Batch definitions defines how the data should be retrieved. 

In [6]:
batch_definition_name = "my_batch_definition"
batch_definition = data_asset.add_batch_definition_whole_dataframe(batch_definition_name)

StatementMeta(, 7e382d05-b693-485c-b118-5f440ce87150, 9, Finished, Available, Finished)

In [None]:
FactsDf = spark.sql("SELECT * FROM Facts LIMIT 1000")
batch_parameters = {"dataframe": FactsDf}

StatementMeta(, 7e382d05-b693-485c-b118-5f440ce87150, 10, Finished, Available, Finished)

In [8]:
batch_definition = (
    context.data_sources.get(datasource_name)
    .get_asset(data_asset_name)
    .get_batch_definition(batch_definition_name)
)

StatementMeta(, 7e382d05-b693-485c-b118-5f440ce87150, 11, Finished, Available, Finished)

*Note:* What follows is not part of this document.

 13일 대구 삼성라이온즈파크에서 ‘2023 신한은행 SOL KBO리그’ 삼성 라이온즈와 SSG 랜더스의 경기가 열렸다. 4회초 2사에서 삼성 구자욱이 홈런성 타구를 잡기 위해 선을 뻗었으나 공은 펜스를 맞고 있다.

Once the method of retrieval, the datasource configured, we need to define the list of expectations we have, to assess our data. 

List of expectations : https://greatexpectations.io/expectations/

Here we test if the productId is null or not : 

In [None]:
productId_notNull = gx.expectations.ExpectColumnValuesToNotBeNull(
    column="productId",
    mostly=1 # defines from 0 to 1 the ratio of values to be not null to validate the expectation. 
)

# Get the dataframe as a Batch
batch = batch_definition.get_batch(batch_parameters=batch_parameters)

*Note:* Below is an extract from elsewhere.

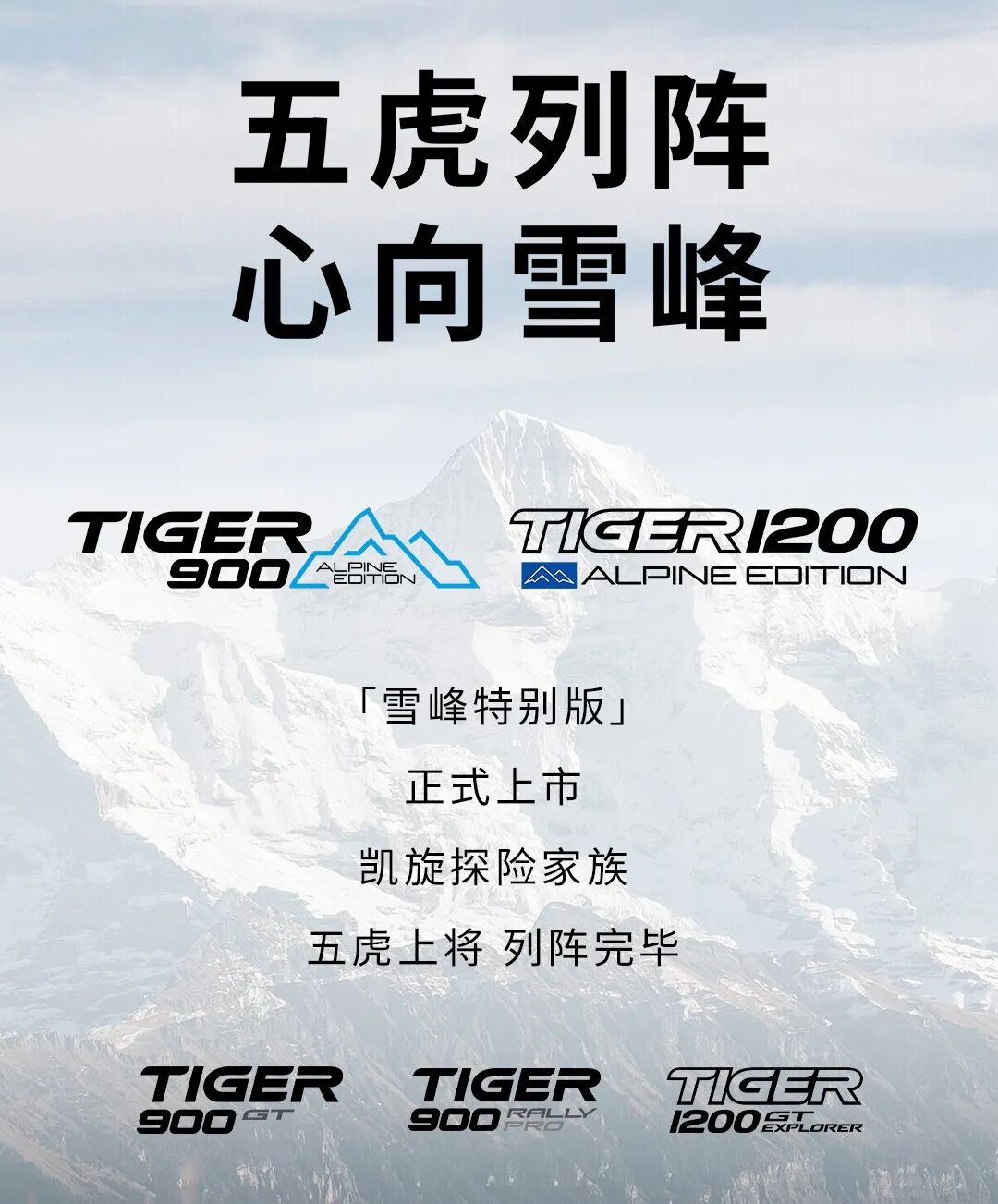 就在昨天,凯旋Tiger系列发布雪峰版,这个消息我们前几天已经报道过了原厂天蝎,全系雷达,凯旋发布特别版老虎900和1200,感叹凯旋跟进全球车款的速度是真快!

validation_results = batch.validate(productId_notNull)
print(validation_results)


Result is good as success == true. We only tested a single expectation, but we can setup a list of expectation called a **suite** : 

In [None]:
suite_name = "Facts_ExpectationsSuite"
suite = gx.ExpectationSuite(name=suite_name)
suite = context.suites.add(suite)

StatementMeta(, 7e382d05-b693-485c-b118-5f440ce87150, 13, Finished, Available, Finished)

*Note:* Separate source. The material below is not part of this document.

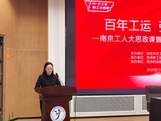 2025年11月27日,由南京市总工会主办、南京新工投资集团工会承办、南京机电职业技术学院工会协办的“百年工运 强会创先”南京工人大思政课暨劳模工匠巡讲活动在南京机电职业技术学院乐学楼102举行。南京新工投资集团工会副主席王春霞、南京机电职业技术学院工会主席姜振宇、机械工程系师生共同参与了本次活动。

We then add the expectations to the suite : 

In [None]:
productId_notNull = gx.expectations.ExpectColumnValuesToNotBeNull(
    column="productId",
    mostly=1 # defines from 0 to 1 the ratio of values to be not null to validate the expectation. 
)

suite.add_expectation(productId_notNull) # suite was already pre defined steps before 

billing_postal_code_notNull = gx.expectations.ExpectColumnValuesToNotBeNull(
    column="billing_postal_code",
    mostly=1
)

suite.add_expectation(billing_postal_code_notNull)

In [None]:
validation_results = batch.validate(suite)
print(validation_results)

Once the expectation is tested, we can assess the full table : we need to redefine the batch and validate it against the suite : 

In [None]:
FactsDf = spark.sql("SELECT productId, billing_postal_code, user_contact_email FROM Facts")
batch_parameters = {"dataframe": FactsDf}

user_contact_email_notEmpty = gx.expectations.ExpectColumnValueLengthsToBeBetween(
    column="user_contact_email",
    min_value=1,
    max_value=256
)

billing_postal_code_notEmpty = gx.expectations.ExpectColumnValueLengthsToBeBetween(
    column="billing_postal_code",
    min_value=1,
    max_value=10
)

suite.add_expectation(user_contact_email_notEmpty)
suite.add_expectation(billing_postal_code_notEmpty)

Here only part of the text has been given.